# [WHAT YOU WILL DO]
Transcribe all of the data exactly. Omit the pictures.

# [COLLECTED MATERIAL]
· · · · ·
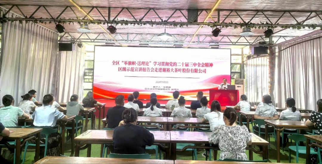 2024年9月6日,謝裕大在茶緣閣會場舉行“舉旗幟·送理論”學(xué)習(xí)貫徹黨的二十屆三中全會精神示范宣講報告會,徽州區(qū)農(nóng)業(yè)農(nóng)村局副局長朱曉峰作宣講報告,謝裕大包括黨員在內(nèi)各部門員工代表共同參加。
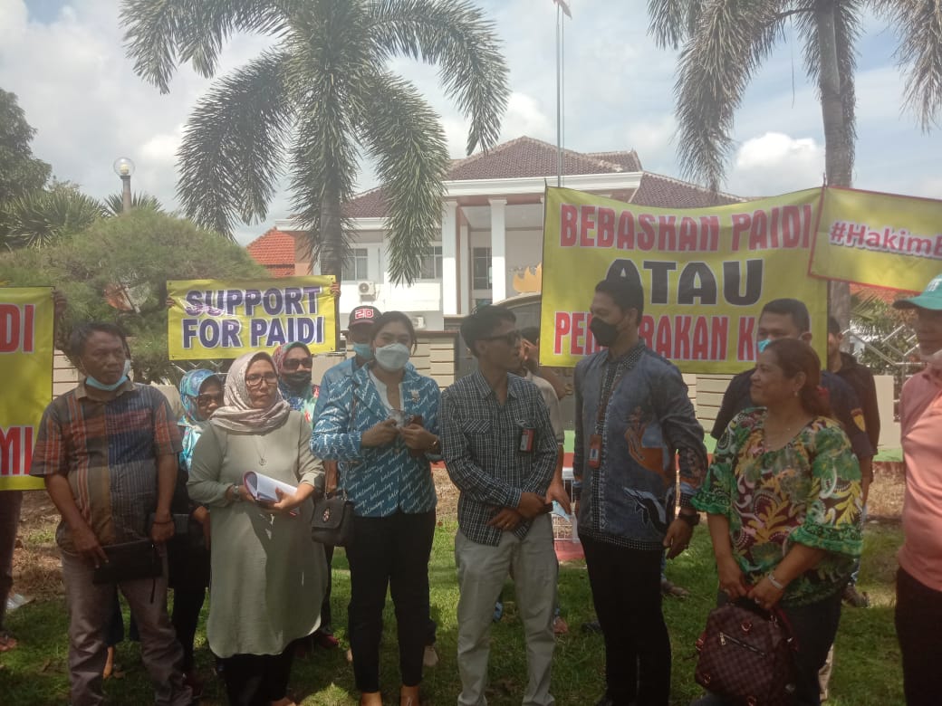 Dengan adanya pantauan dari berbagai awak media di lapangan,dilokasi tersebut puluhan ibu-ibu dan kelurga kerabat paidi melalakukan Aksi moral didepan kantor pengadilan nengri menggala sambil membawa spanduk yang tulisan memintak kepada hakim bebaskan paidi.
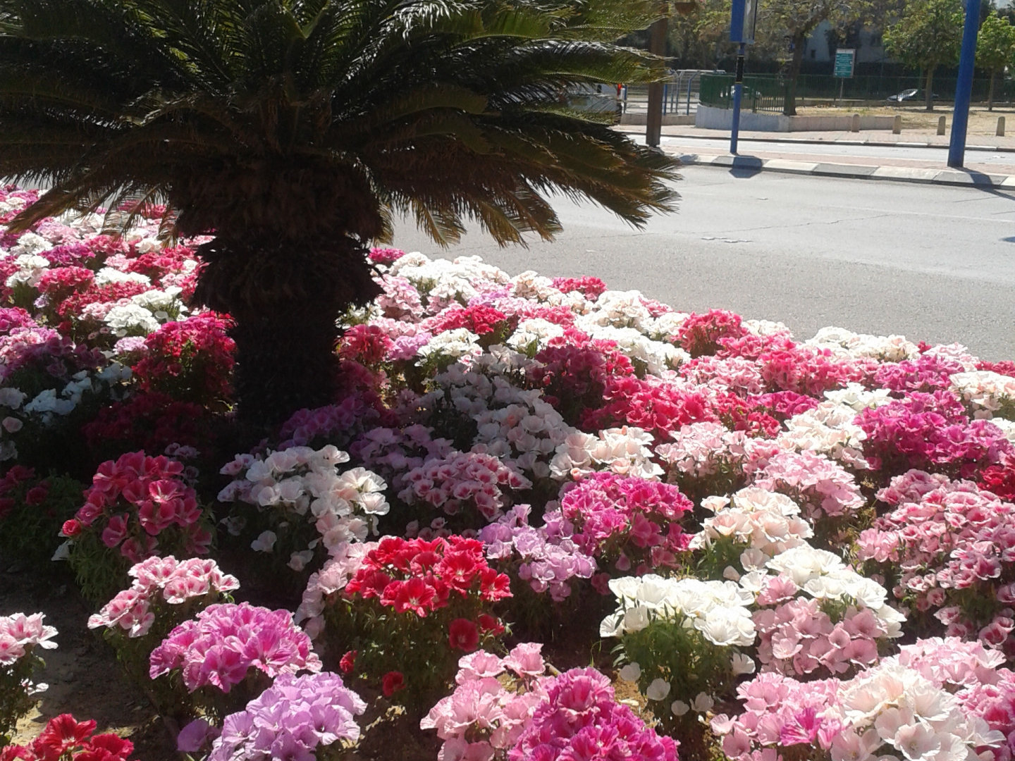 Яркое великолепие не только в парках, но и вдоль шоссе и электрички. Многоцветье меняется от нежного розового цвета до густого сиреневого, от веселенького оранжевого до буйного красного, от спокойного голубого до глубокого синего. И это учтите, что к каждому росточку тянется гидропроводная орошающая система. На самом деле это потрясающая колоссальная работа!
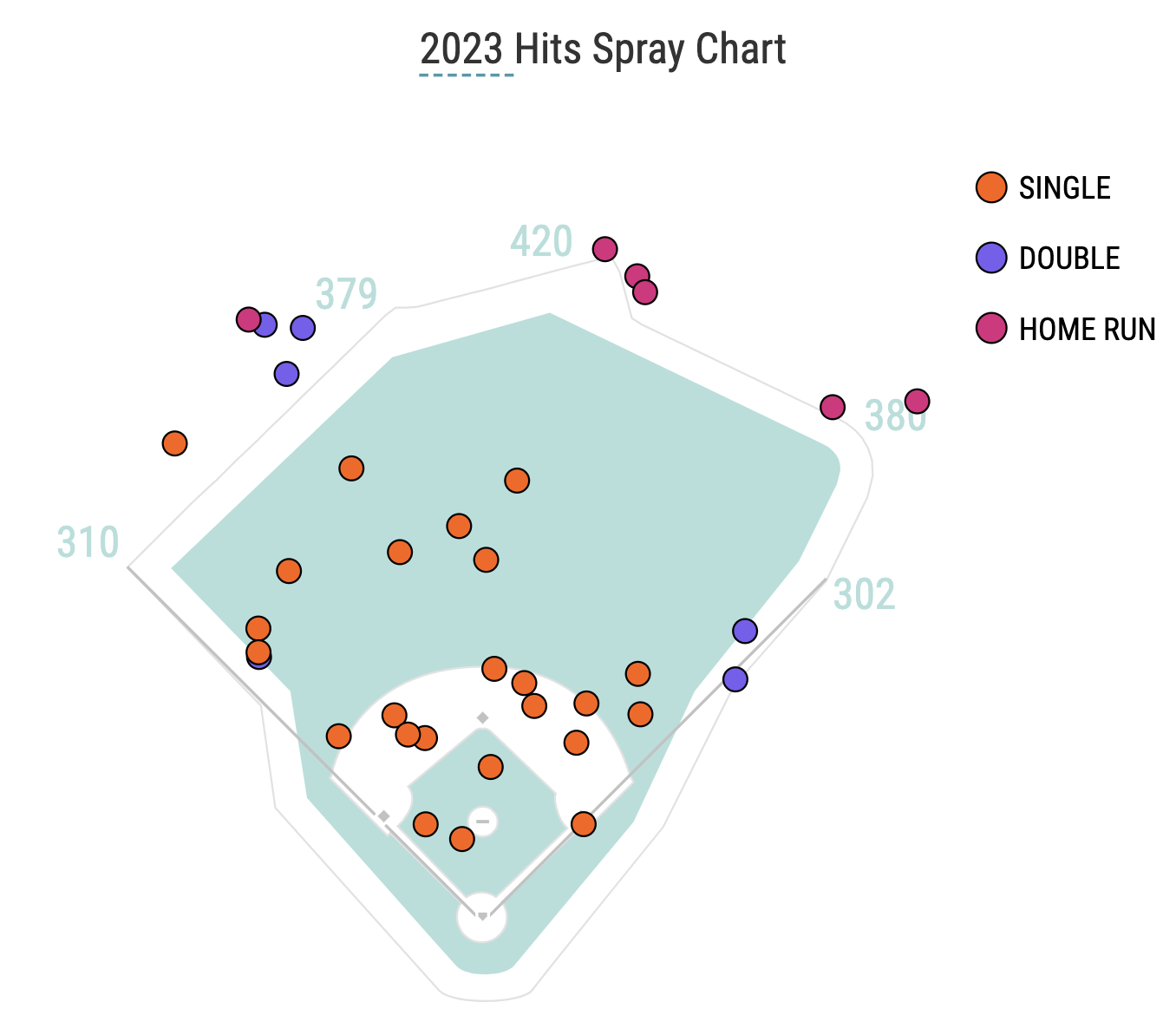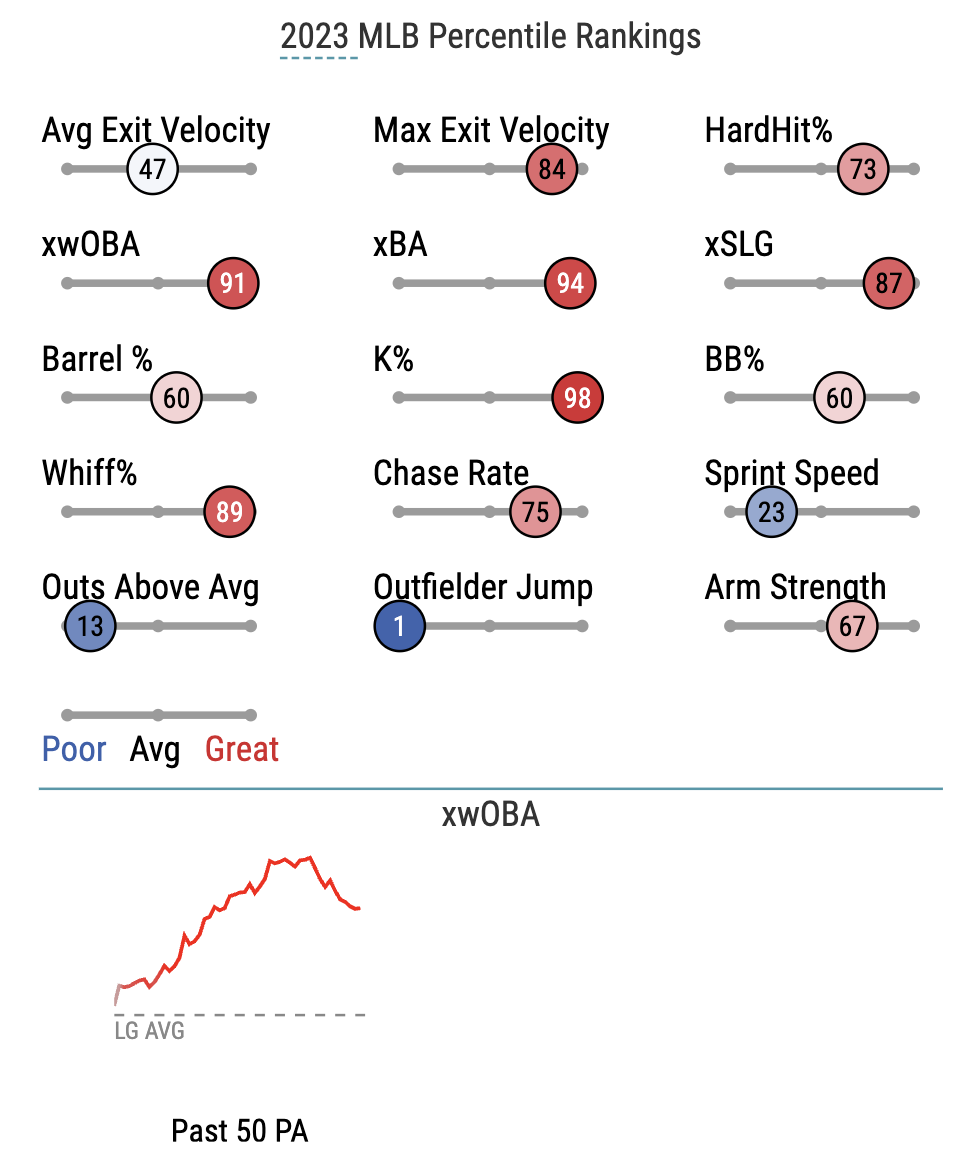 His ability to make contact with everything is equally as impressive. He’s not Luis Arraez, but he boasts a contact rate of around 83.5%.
· · · · ·
# [SOLUTION FOR THIS EXERCISE]
 2024年9月6日,謝裕大在茶緣閣會場舉行“舉旗幟·送理論”學(xué)習(xí)貫徹黨的二十屆三中全會精神示范宣講報告會,徽州區(qū)農(nóng)業(yè)農(nóng)村局副局長朱曉峰作宣講報告,謝裕大包括黨員在內(nèi)各部門員工代表共同參加。
 Dengan adanya pantauan dari berbagai awak media di lapangan,dilokasi tersebut puluhan ibu-ibu dan kelurga kerabat paidi melalakukan Aksi moral didepan kantor pengadilan nengri menggala sambil membawa spanduk yang tulisan memintak kepada hakim bebaskan paidi.
 Яркое великолепие не только в парках, но и вдоль шоссе и электрички. Многоцветье меняется от нежного розового цвета до густого сиреневого, от веселенького оранжевого до буйного красного, от спокойного голубого до глубокого синего. И это учтите, что к каждому росточку тянется гидропроводная орошающая система. На самом деле это потрясающая колоссальная работа!
 His ability to make contact with everything is equally as impressive. He’s not Luis Arraez, but he boasts a contact rate of around 83.5%.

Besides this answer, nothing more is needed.